X3 on the solid sleeve, once you crush a crush sleeve and loosen the pinion nut you will have changed the bearing preload. A solid sleeve uses shims to set the preload, so you can loosen the pinion nut and re tighten and still get back to the original preload. Not having enough bearing preload is what causes diff failures.
 
If you are only pulling the yoke to replace the seal and you retorque the yoke the same as it was when you pulled it why do you need to change the crush sleeve. Seems you would be changing nothing so identical torque would just snug it back to the original crush. What am I missing here. I did it before and had no problems.Was I just lucky?

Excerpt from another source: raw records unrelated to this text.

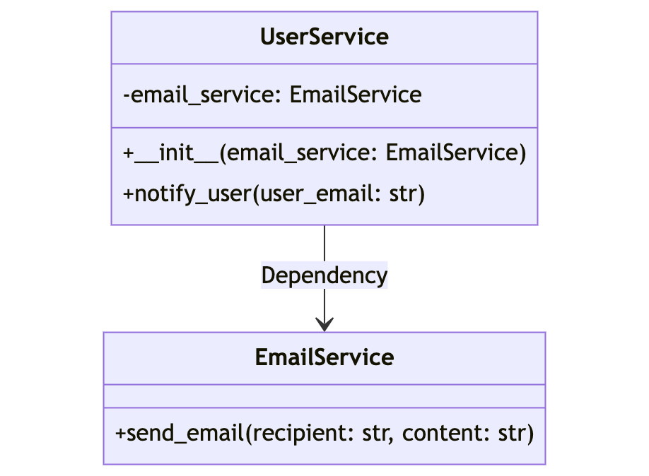 - 의존성을 직접 생성하는 경우 : UserService -> EmailService 인데, UserService는 추상화 단계를 벗어난, 어느 정도 범용성이 있는 상위 개념의 객체이다. EmailService는 UserService의 구체적인 구현이자 하위 개념이다. 의존성이 생기는 경우는 상위 개념이 하위 개념 객체를 직접 다루려고 할 때(생성) 발생한다.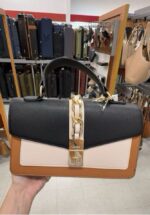 A stylish color block handbag featuring a black, beige, and brown design with a gold chain detail.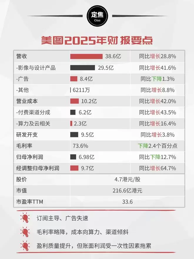 全年实现总收入38.6亿元,同比增长28.8%,核心业务影像与设计产品收入达29.5亿元,同比增幅41.6%,占总收入比重提升至76.6%;广告业务收入为8.4亿元,同比微降1.3%;其他业务收入6211万元,同比增长8.8%。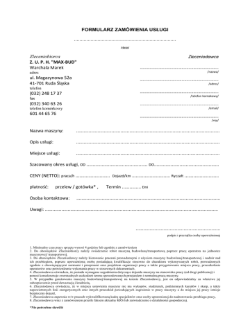 FORMULARZ ZAMÓWIENIA USŁUGI ………………………………………………………………. /data/ Zleceniobiorca Z. U. P. H. "MAX-BUD" Warchala Marek Zleceniodawca …….……………………………………………………………….. /nazwa/ adres ul. Magazynowa 52a 41-701 Ruda Śląska …….……………………………………………………………….. /adres/ telefon …….……………………………………………………………….. (032) 248 17 37 /telefon kontakowy/ fax (032) 340 63 26 …….……………………………………………………………….. telefon komórkowy /email/ 601 44 65 76 …….……………………………………………………………….. /nip/ Nazwa maszyny: ................................................................................................................. Opis usługi: ................................................................................................................. Miejsce usługi: ................................................................................................................. Szacowany okres usługi, OD ................................................ DO................................................... CENY (NETTO): praca/h ........................... Dojazd/km .............................. Ryczałt ........................... płatność: przelew / gotówka* , Osoba kontaktowa: Termin ............... Dni ................................................................................................................. Uwagi: ........................................................................................................................................ ................................................................... podpis i pieczątka osoby upoważnionej 1. Minimalny czas pracy sprzętu wynosi 4 godziny lub zgodnie z zamówieniem 2. Do obowiązków Zleceniobiorcy należy świadczenie robót maszyną budowlaną/transportową poprzez pracę operatora na jednostce maszynowej/ transportowej. 3. Do obowiązków Zleceniodawcy należy kierowanie pracami prowadzonymi z użyciem maszyny budowlanej/transportowej i nadzór nad ich przebiegiem, poprzez upoważnioną osobę posiadającą kwalifikacje stosowne do charakteru wykonywanych robót, prowadzonych zgodnie z obowiązującymi normami i przepisami oraz projektem organizacji pracy a także przygotowanie miejsca pracy, przeszkolenie operatorów oraz potwierdzenie wykonania pracy w stosownych dokumentach. 4. Zleceniodawca oświadcza, że posiada wymagane uzgodnienia dotyczące dojazdu maszyny na stanowisko pracy (od drogi publicznej) i ponosi konsekwencje ewentualnych uszkodzeń terenu spowodowanych przejazdem i normalną pracą maszyny. 5. W przypadku garażowania maszyny budowlanej/transportowej na terenie Zleceniodawcy, jest on odpowiedzialny za właściwe jej zabezpieczenie przed dewastacją i kradzieżą, 6. Zleceniodawca oświadcza, że w miejscu ustawienia maszyny nie ma wykopów, studzienek, podziemnych kanałów i skarp, a także napowietrznych linii energetycznych oraz innych przeszkód powodujących zagrożenie w pracy maszyny a do miejsca jej pracy istnieje bezpieczny dojazd, 7. Zleceniodawca zapewnia w/w pracach wykwalifikowaną kadrę specjalistów oraz osoby uprawnionej do nadzorowania przebiegu pracy, 8. Zleceniodawca wraz z zamówieniem prześle faksem aktualny KRS lub zaświadczenie o działalności gospodarczej. *Nie potrzebne skreślić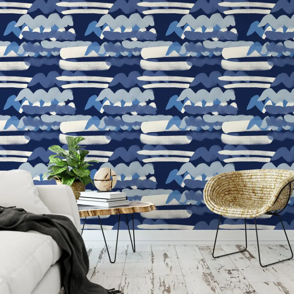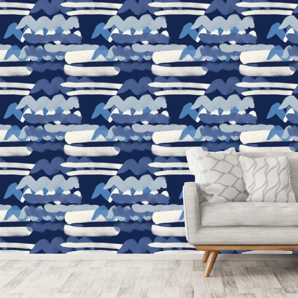 Indigo Beach Waves Wallpaper By Julia Schumacher, 24"x72"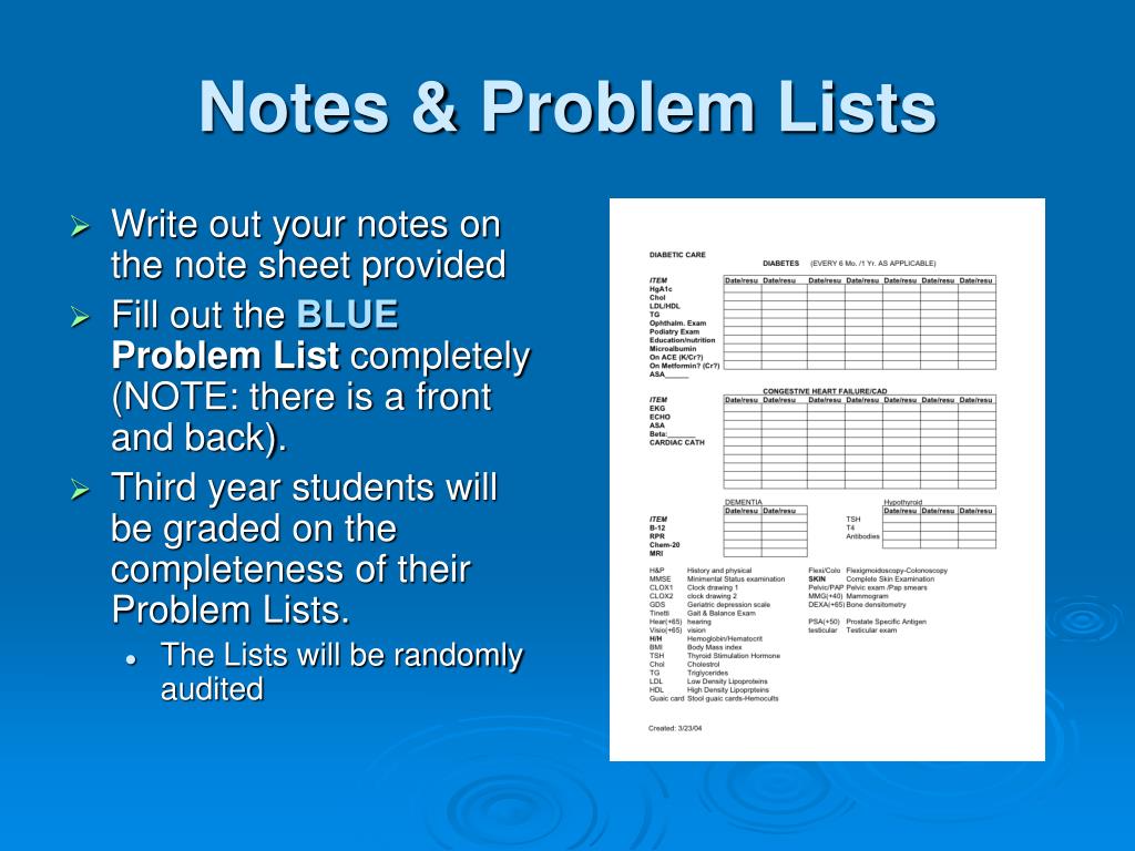 Notes & Problem Lists • Write out your notes on the note sheet provided • Fill out the BLUEProblem List completely (NOTE: there is a front and back). • Third year students will be graded on the completeness of their Problem Lists. • The Lists will be randomly audited

That's the way I've always done it and haven't had any problems either. You just have to take all the measurements accurately and verify the preload is exactly the same on the reinstall. Now if this is going on a race car, I'd take it apart and retrofit it with the solid spacer as those crush sleeves will collapse under drag race conditions. I've never had a problem on a street car though.
 
I wish I knew how many 489 yokes I have removed and replaced the seal over the years. In the early 70's i worked at a shop that had the contract to repair ALL Hillsborough County Sheriff cars. They all had 489 8 3/4. Use thread locker and or a lock nut and replace the damn seal. This the most over thought part of a Mopar that I can think of. It's not that big of deal! You don't have to agree with me, but this my results after many years of real life R & D.
 
I wish I knew how many 489 yokes I have removed and replaced the seal over the years. In the early 70's i worked at a shop that had the contract to repair ALL Hillsborough County Sheriff cars. They all had 489 8 3/4. Use thread locker and or a lock nut and replace the damn seal. This the most over thought part of a Mopar that I can think of. It's not that big of deal! You don't have to agree with me, but this my results after many years of real life R & D.

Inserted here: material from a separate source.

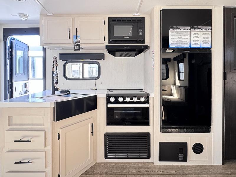With any Cherokee Alpha Wolf travel trailer by Forest River you'll enjoy outstanding amenities, quality construction, and an affordable price. Each model features a "ToughBend" rigid skirt metal design, 5/8" tongue and groove plywood floor decking, and a "SuperTruss" roof structure that will hold up through years of camping memories. There is a pet friendly "clean sweep" floor design with no heat vents indoors, along with a super lumen lighting system, a 15,000 BTU quick cool central air conditioning, and many more comforts. There are many convenient exterior features such as, Leash Latch pet safety technology, an outside shower with hot and cold water, On The Go rear ladder prep, and exterior steps with oversized landing and quick release. The Weather Guard Package will add protection against the elements with an armored underbelly tank enclosure and forced air heat, thermo-control reflective safety glass windows, and upgraded laminated walls with block foam insulation!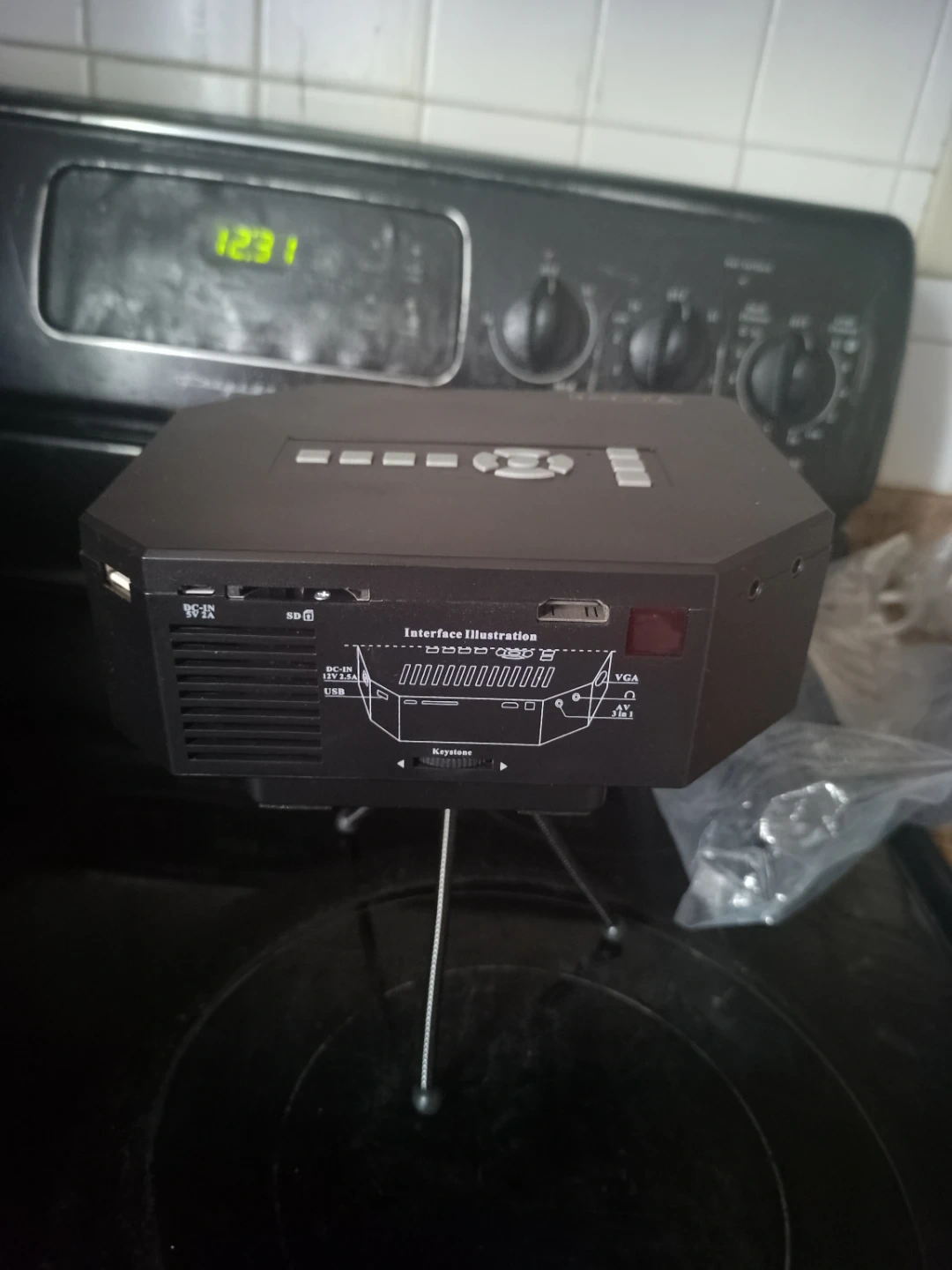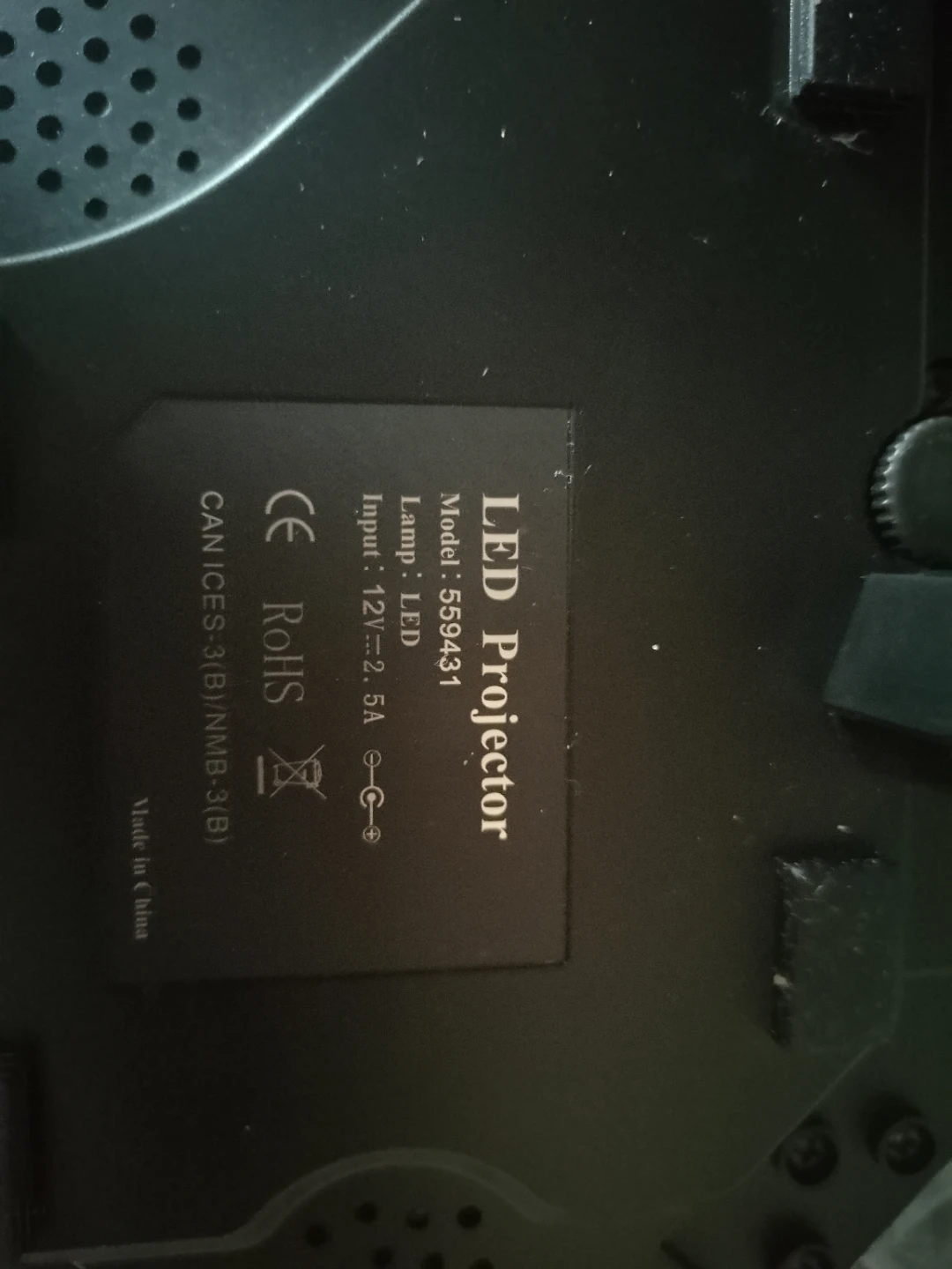 Selling an LED Projector, model number 559431. It has various input options including HDMI, VGA, SD, and USB. The projector requires 12V-2.5A input power.

I totally agree. When I do them, I use either a center punch or paint stick to mark the nut, flange, and shaft so they go back to the exact same spot along with some locktite. Now if you're changing the flange, I would get a new crush sleeve or install the fixed spacer but changing just the seal is a piece of cake.
 
knock on wood,when I installed that seal I reused the old crush sleave no problimssss yet,like said knock on wood.